Сташинский и фройляйн Поль провели в Союзе два месяца – главным образом в Москве, но на пару недель съездили и в Ленинград. У них было достаточно времени для сравнения советского быта с тем, как его изображала пропаганда. В конце января того же 1960 года Хрущев произнес длинную речь в Верховном Совете, хвастая успехами экономики СССР на фоне экономики американской. Он подчеркнул, что между 1953 и 1959 годами выплавка чугуна и стали выросла на 57 %, тогда как в США упала на 16 %. На самом деле, это «достижение» показывало, что Советский Союз застрял в довоенной экономической модели. Но первый секретарь ЦК КПСС видел в этом залог превосходства над Америкой.

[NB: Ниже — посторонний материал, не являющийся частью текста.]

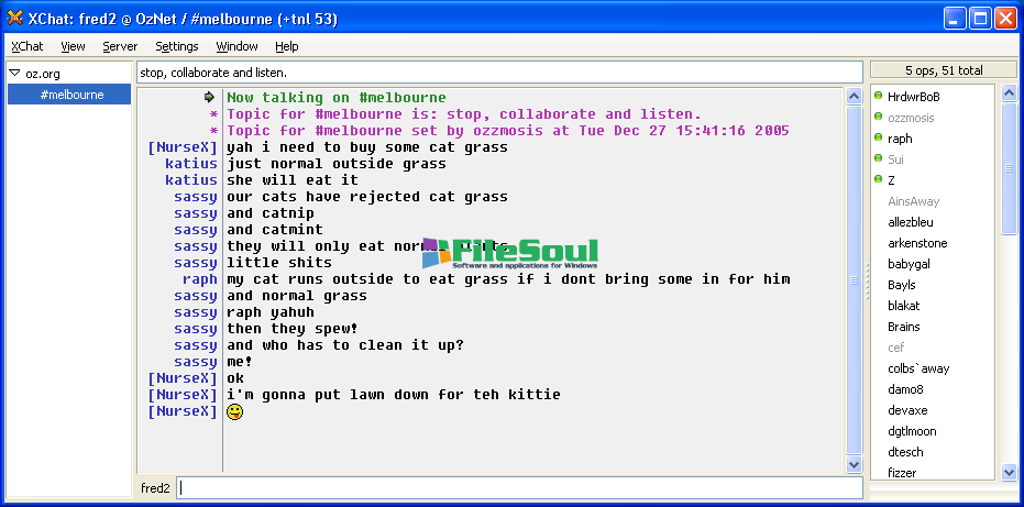 Xchat is well-known thanks to its compatibility with most operating systems IRC client. The standard options, such as server selection, colors, menus with basic commands, etc all are present. In addition, it has nice features like the ability to connect to multiple servers (multiserver).
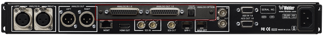 Enable monitoring of 8 Analog channels on DB-25. Hardware card with software activation key, includes Optical TOSLINK Input
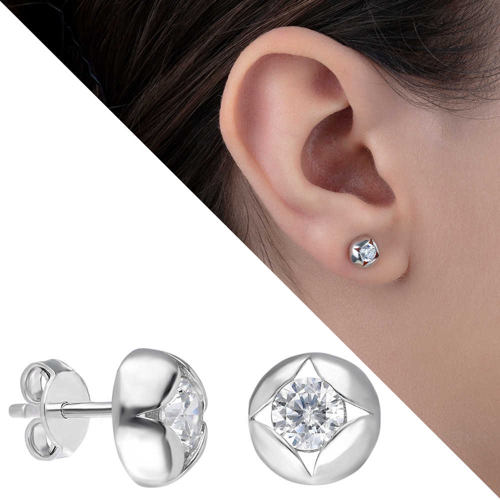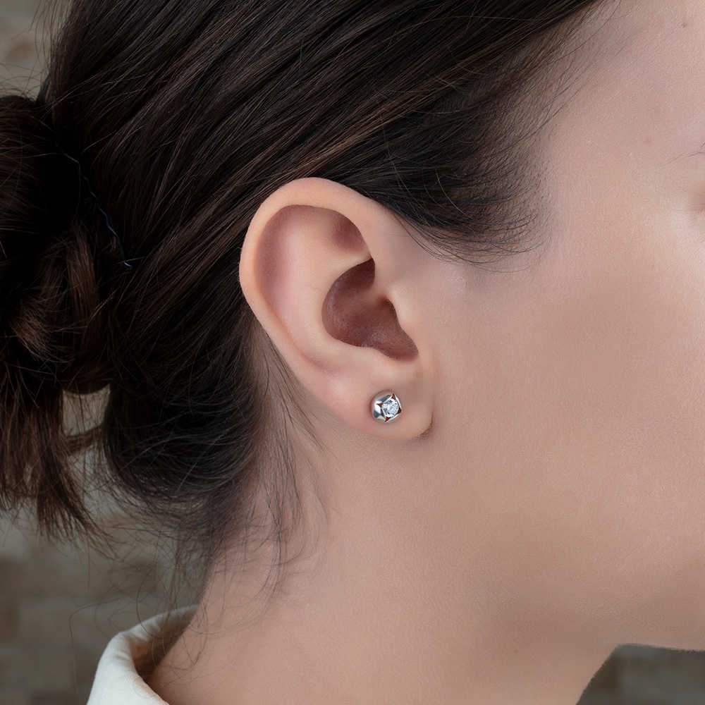 Zirkon Taşlı Küre Tasarım 925 Ayar Gümüş Küpe
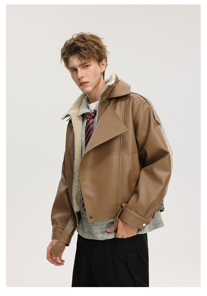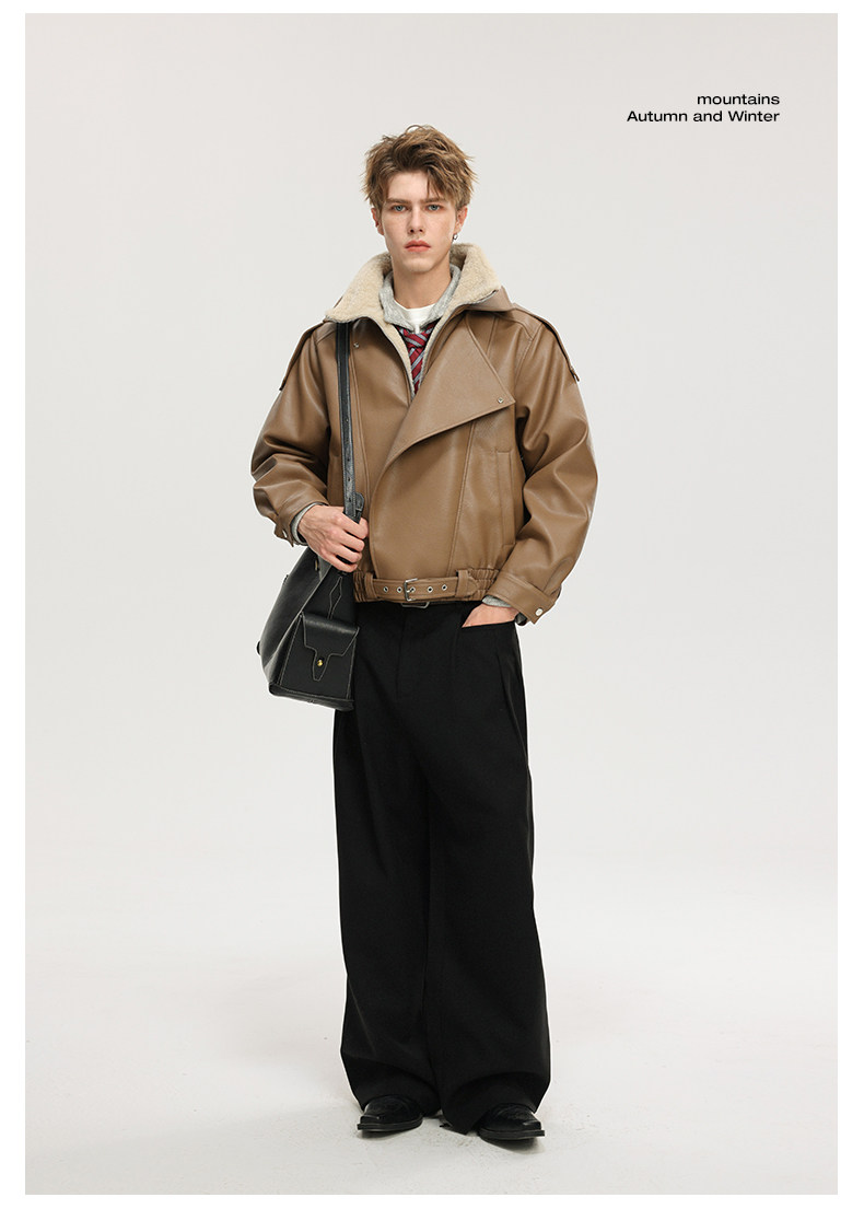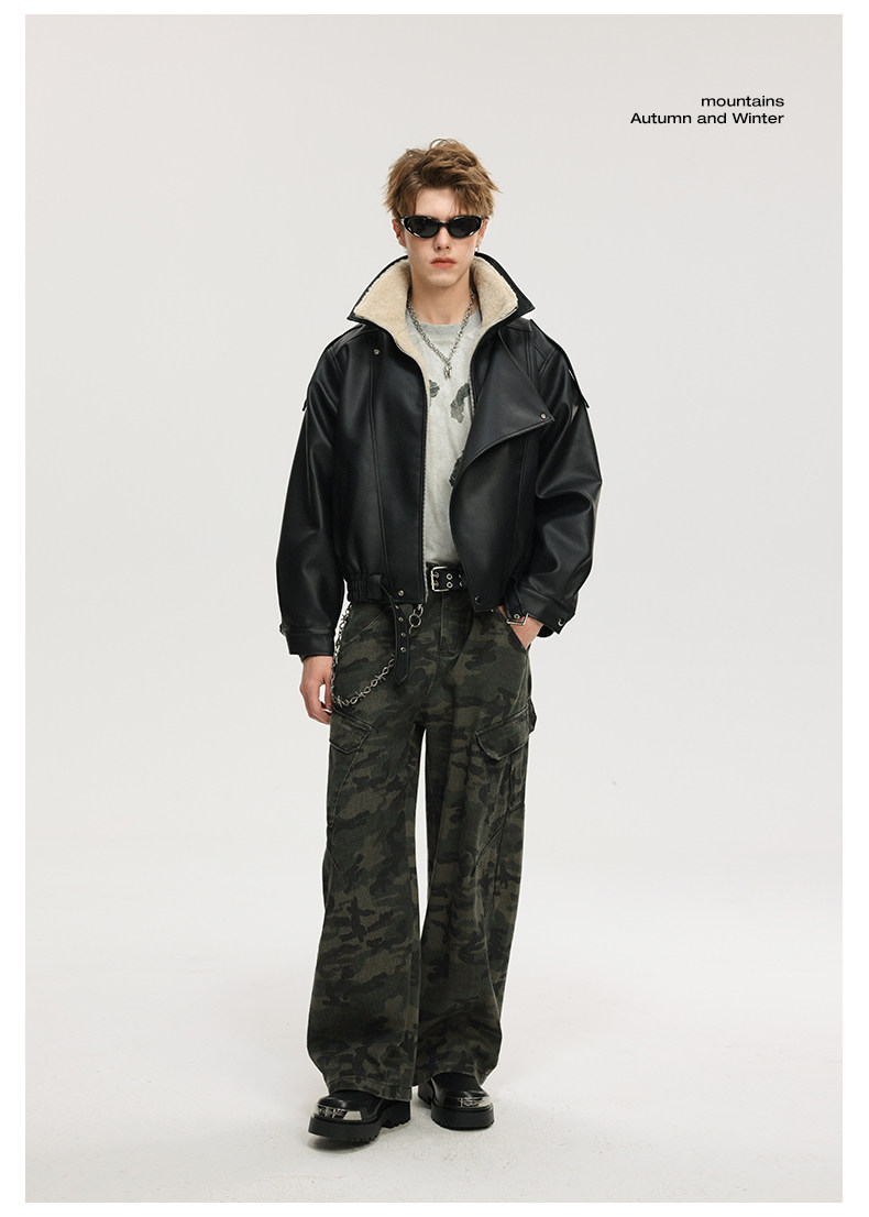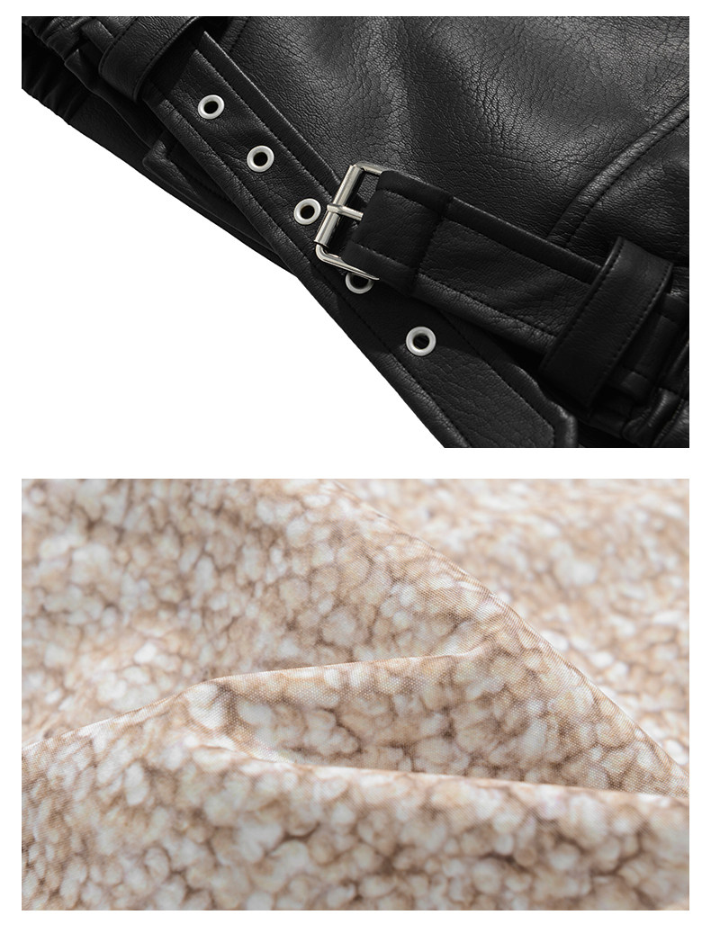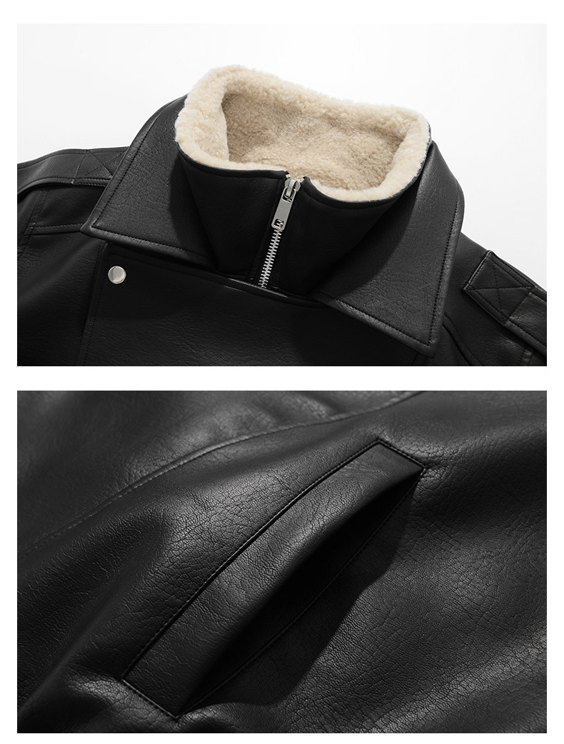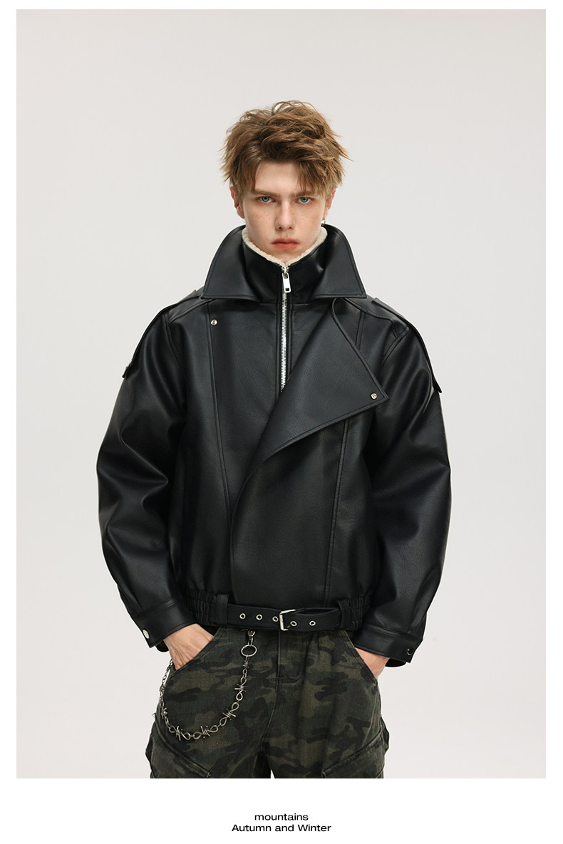 Wassup Krish American-Style Mountain Carving Fleece-Lined Leather Jacket for Men, New Winter Thickened Motorcycle Leather and Fur Integrated Coat
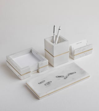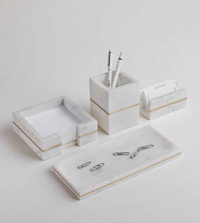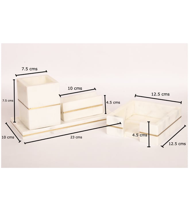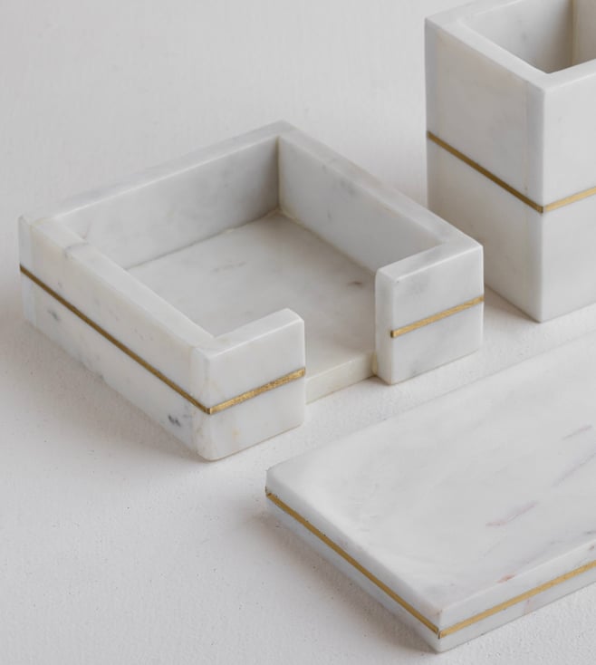Embark on an aesthetic journey with this beautiful 4-piece stationary set, a bespoke product meticulously handcrafted by local artisans with intricate brass inlay. Designed to grace your office and elevate understated spaces, these pieces are crafted from natural marble extracted from Indian mines. The artistic inlay of brass stripes, a testament to the skill of the local artisans, adds a personalized and appealing touch to this unique office ensemble.
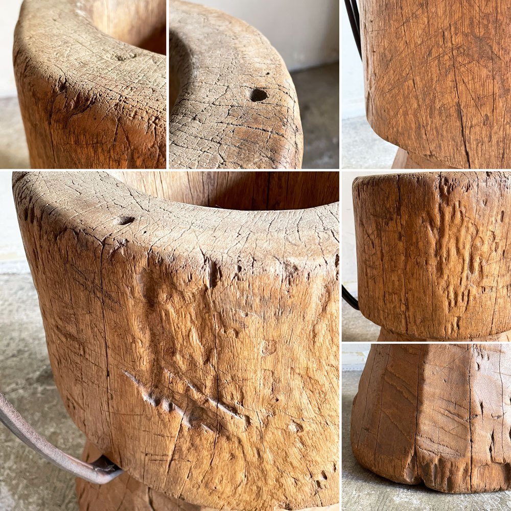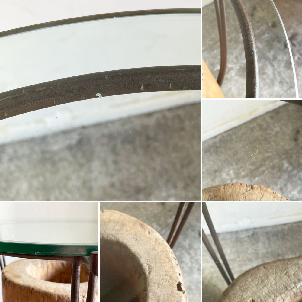 使用に伴い、ガラスには細かな線傷や欠け、アイアンには錆やくすみ、臼には無垢材特有の節や割れ、凹凸などがございます、実用に問題となるダメージはございません。これからも風合いを楽しみながらご使用頂けるコンディションを保っております。
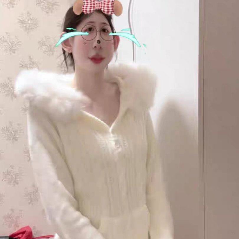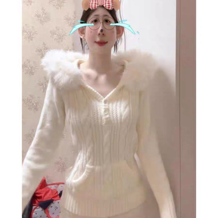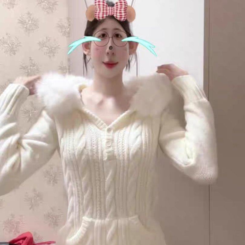 2025秋冬季新款韩系氛围感显瘦百搭甜美毛领针织上衣修身麻花毛衣
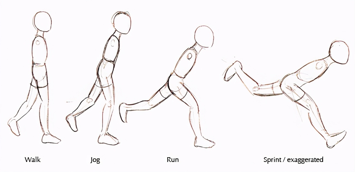 对于运动中的身体,我们换了一种角度来看待。失衡是任何运动的发动机,实际上你可以说运动是一种有控制的失去平衡。因此,我们将把这两个中心放在一边不去考虑,只考虑我们上面提到的概念:一个姿态的重心越是偏离,它表现出的运动越快,越充满活力和戏剧性。下面是一些在插图中经常用到的各种运动的指南。

«Спутник-1» и другие успехи космической программы еще убедительнее говорили о первенстве Кремля в технологической гонке с Западом. На это и упирал Хрущев во время знаменитых «кухонных дебатов» с вице-президентом Ричардом Никсоном на открытии американской выставки в Москве. Спор разгорелся в кухне, смонтированной в выставочном павильоне и набитой современной бытовой техникой. Хрущев сказал Никсону, что Советский Союз опережает Америку технологически, а по производству потребительских товаров перегонит за семь лет. Дебаты часто крутили по американским каналам, но лишь один раз поздно вечером показали на советском телевидении. Кремль не хотел, чтобы зрители слышали, как их вождь признает отставание от капитализма хоть в чем-нибудь
154.
Инге едва ли знала о «кухонных дебатах» – они произошли за полгода до ее приезда в Москву. Впрочем, все громкие заявления Хрущева в стиле «догоним и перегоним» она несомненно воспринимала с крайним скепсисом. Наедине с Богданом она подчеркивала огромную разницу между правдой жизни и словами с трибун и из газетных передовиц. Когда они только познакомились в Берлине, «Йоши» упорно отстаивал генеральную линию партии, но теперь он уже почти не возражал. Невеста уверяла его, что скоро он придет в себя окончательно, – слишком разителен был контраст между действительностью и пропагандой. Богдан понимал, что она права.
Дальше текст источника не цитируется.